研究課題
初年度 (平成 27 年度) は、TRPV1 およびTRPV4 ノックアウトマウスを用いて急性炎症疼痛刺激後の行動学的変化と中枢神経系の変化を観察した。成熟雄性の野生型マウス、TRPV1 およびTRPV4 ノックアウトマウスの片側後肢足底に、急性炎症疼痛刺激としてホルマリンもしくは TRPV4 アゴニストの 4α-PDD を皮下注射し、注射後 0-10 分 (phaseⅠ) (ホルマリンによる直接の化学刺激による反応) および 10-60 分 (phaseⅡ) (炎症性メディエーターの遊離による感覚神経の刺激) における生体防御行動を計測した。また、注射後 90 分で灌流固定を行い、脊髄後角および視床下部室傍核 (PVN) における Fos タンパクの発現を免疫組織化学的染色法を用いて調べた。生体防御行動は、ホルマリン群の phaseⅠ で TRPV1 および TRPV4 ノックアウトマウスが、phaseⅡ で TRPV1 ノックアウトマウスが野生型マウスと比較して有意に減少した。4α-PDD 群は、いずれのマウスも有意差を認めなかった。Fos 陽性細胞数は、ホルマリン群の脊髄後角においては、いずれのマウスも有意差を認めず、PVN においては TRPV1 ノックアウトマウスが野生型マウスと比較して有意に減少した。
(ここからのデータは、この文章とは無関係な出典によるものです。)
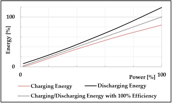 In conclusion, this research considered only changes in efficiency depending on the input/output power changes during charging/discharging, with the exception of nonlinearities depending on external factors, such as temperature and changes.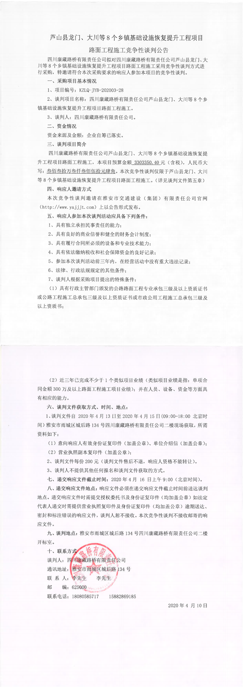 四川康藏路橋有限責任公司蘆山縣龍門、大川等8個鄉(xiāng)鎮(zhèn)基礎(chǔ)設(shè)施恢復提升工程項目路面工程施工競爭性談判公告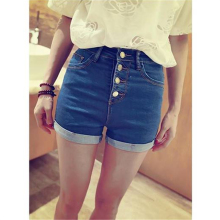 夏季胖MM大码韩范高腰牛仔短裤女士显瘦卷边排扣修身弹力热裤女潮
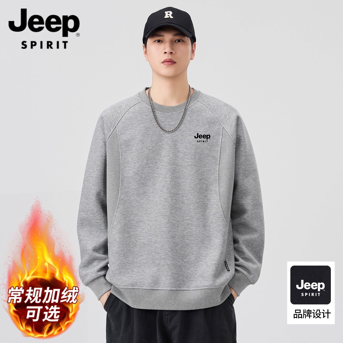 JEEP SPIRIT圆领卫衣男士秋季新款宽松加绒打底衫长袖t恤男上衣服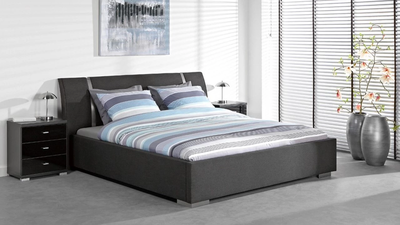 Een chique hoteluitstraling in je slaapkamer met bed Pato. Dit donkergrijs gekleurde stoffen bed straalt door zijn eenvoud met een aantal kleine zilverkleurige details in het hoofdbord en de poten. Door het strakke design misstaat dit bed in geen enkele slaapkamer.
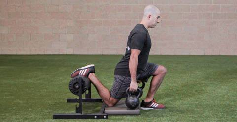 该测试相对简单。请将你的后脚放在常规的训练板凳或专门设计的支架上,在地板上放一块Airex泡沫垫,用于避免膝盖与地面反复接触。选择在5RM范围内的负载,然后尽可能多次地完成动作,直到出现技术性失败(即,直到不能再保持完美的技术动作)。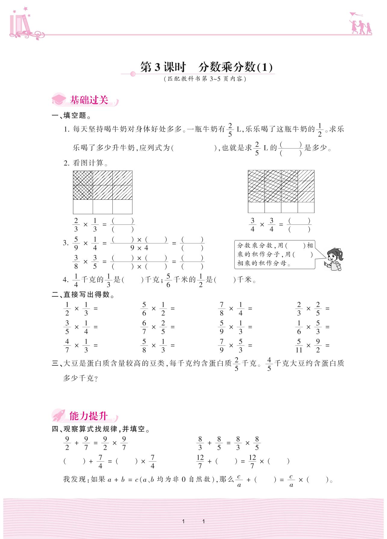 2020上册六年级数学人教版 1 分数乘法——第3课时 分数乘分数(1)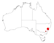 It is endemic to parts of New South Wales between Bilpin in the south and Mount Kindarun in the north on sandstone ridges growing in thin sandy soils as a part of dry sclerophyll forest communities.[1]

4α-PDD 群の脊髄後角においては、TRPV4 ノックアウトマウスは野生型マウスと比較して有意に減少したが、PVN においては、いずれのマウスも有意差を認めなかった。以上より、ホルマリンによる直接の化学刺激の受容には TRPV1 および TRPV4 が、炎症性メディエーターを介した疼痛受容には TRPV1 が、4α-PDD による疼痛受容には TRPV4 が関与していることが示唆された。
3: やや遅れている
計画初年度 (平成 27 年度) は、TRPV1 およびTRPV4 ノックアウトマウスを用いて急性炎症疼痛刺激後の行動学的変化と中枢神経系の変化を観察した。これにより、ホルマリンによる直接の化学刺激の受容には TRPV1 および TRPV4 が、炎症性メディエーターを介した疼痛受容には TRPV1 が、4α-PDD による疼痛受容には TRPV4 が関与していることが示唆された。しかし、当初計画していた、TRPV1・V4 ダブルノックアウトマウスを用いた急性炎症疼痛刺激後の行動学的変化と中枢神経系の変化の観察に関しては、TRPV1・V4 ダブルノックアウトマウスの作出に成功しているものの、繁殖に時間を要するために実験に必要な個体数を得ることができず、現時点では実験に至っていない。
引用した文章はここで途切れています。